PRPG:

Tallest, Shortest, Biggest, Smallest, Youngest, Oldest: NFL Trivia

November 27, 2013

Updated March 12, 2019

More sports statistical anomalies, this time for football. Here is some great NFL trivia.

NFL-Players-Trivia1

Tallest Player

Being taller than 7’0” is routine in the NBA. In the NFL, there’s only been one man…and it wasn’t ‘70s star Ed “Too Tall” Jones. Seven-foot-tall defensive tackle Richard Sligh was drafted by the Oakland Raiders in 1967. He wasn’t put to much use, playing in just eight games and sitting on the bench during Super Bowl II. 

Shortest Player

In the early days of the NFL—when it was essentially a regional, semiprofessional league, a 5’0.5”-tall guy named Jack Shapiro played in just one game in 1929, as a back, for the now defunct Staten Island Stapletons. 

Biggest Player

Professional football is a big man’s game—for example, most linesmen necessarily weigh more than 300 pounds. The biggest isn’t Chicago Bears’ legend William “The Refrigerator” Perry. It’s Michael Jasper. This offensive linesman and nose tackle for the New York Giants was drafted in 2011, when his weight was 448 pounds. But his size sure didn’t make him any less agile. He could reportedly vertically jump 32 inches, land a nine-foot long jump, and dunk a basketball. As his playing career went on (he retired after the 2014 season), Jasper dropped to around 375 pounds, which would still rank him among the five biggest big men in league history.

Smallest Player

If linesmen are tall and hefty, wide receivers are short and slim.
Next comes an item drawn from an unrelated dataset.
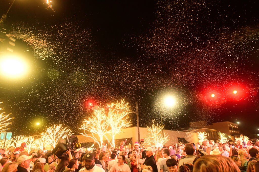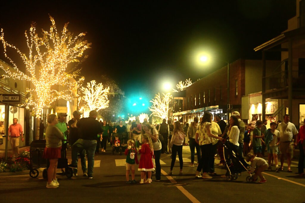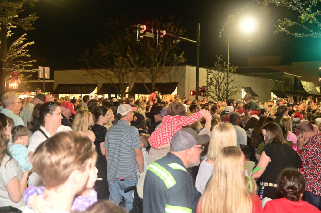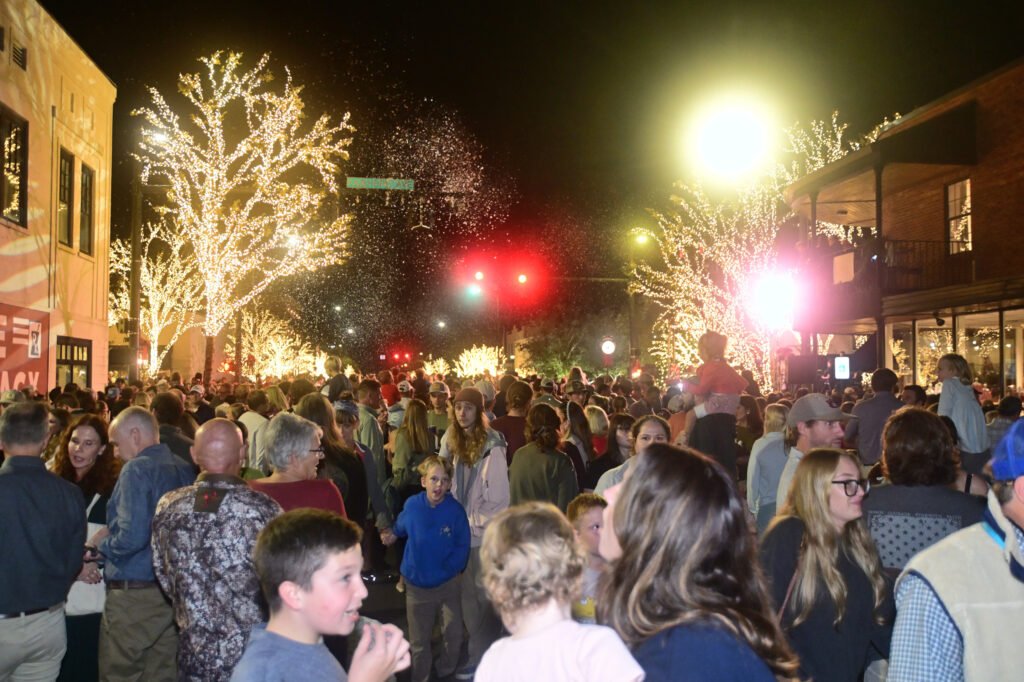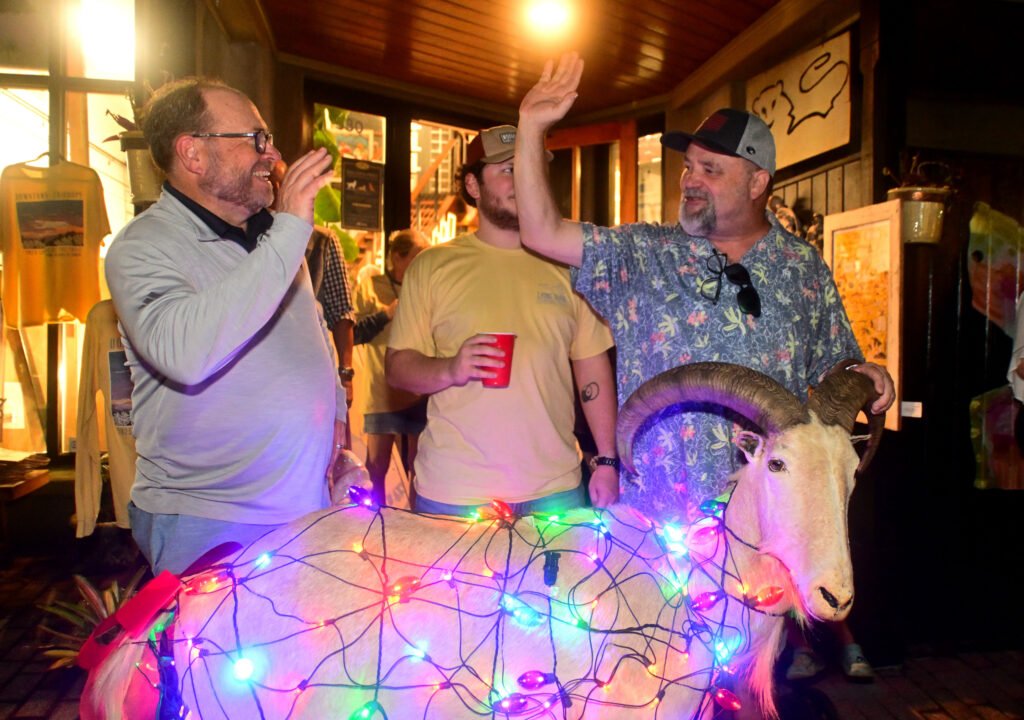 A tremendous crowd excitedly watches as the switch is thrown, lighting the trees through downtown Fairhope. Moments later, not to be outdone, members of Fairhope Sunset Rotary take part in the traditional lighting of the goat at Lyons Share framing and art gallery on De La Mare Ave. And, steps away, Matthew Jacquette entertains a crowd at The Book Cellar…

The smallest man to ever play in the NFL was wide receiver Gerald McNeil, who weighed 142 pounds and stood 5’7” tall. He played for five seasons in the 1980s, and was voted to the Pro Bowl in 1987. 

Oldest Player

Legendary quarterback and hall of famer George Blanda played in the NFL from 1948 until 1976, when he was 48. He played for 26 seasons, a record. And until 2000, he held the record of most points scored in a career, with 2,002. (He’s now seventh on the all-time list.)

Youngest Player

At 12, Amobi Okoye emigrated from Nigeria to Alabama, and tested into the ninth grade—two years above his age. He graduated from high school at 16 and turned down Harvard to attend the University of Louisville so he could play football. He left college after three years and joined the NFL, but that’s because he’d already finished college. Playing college football at 16 made him the youngest player in NCAA history. Playing in the NFL at 19 made him the youngest player in NFL history, too.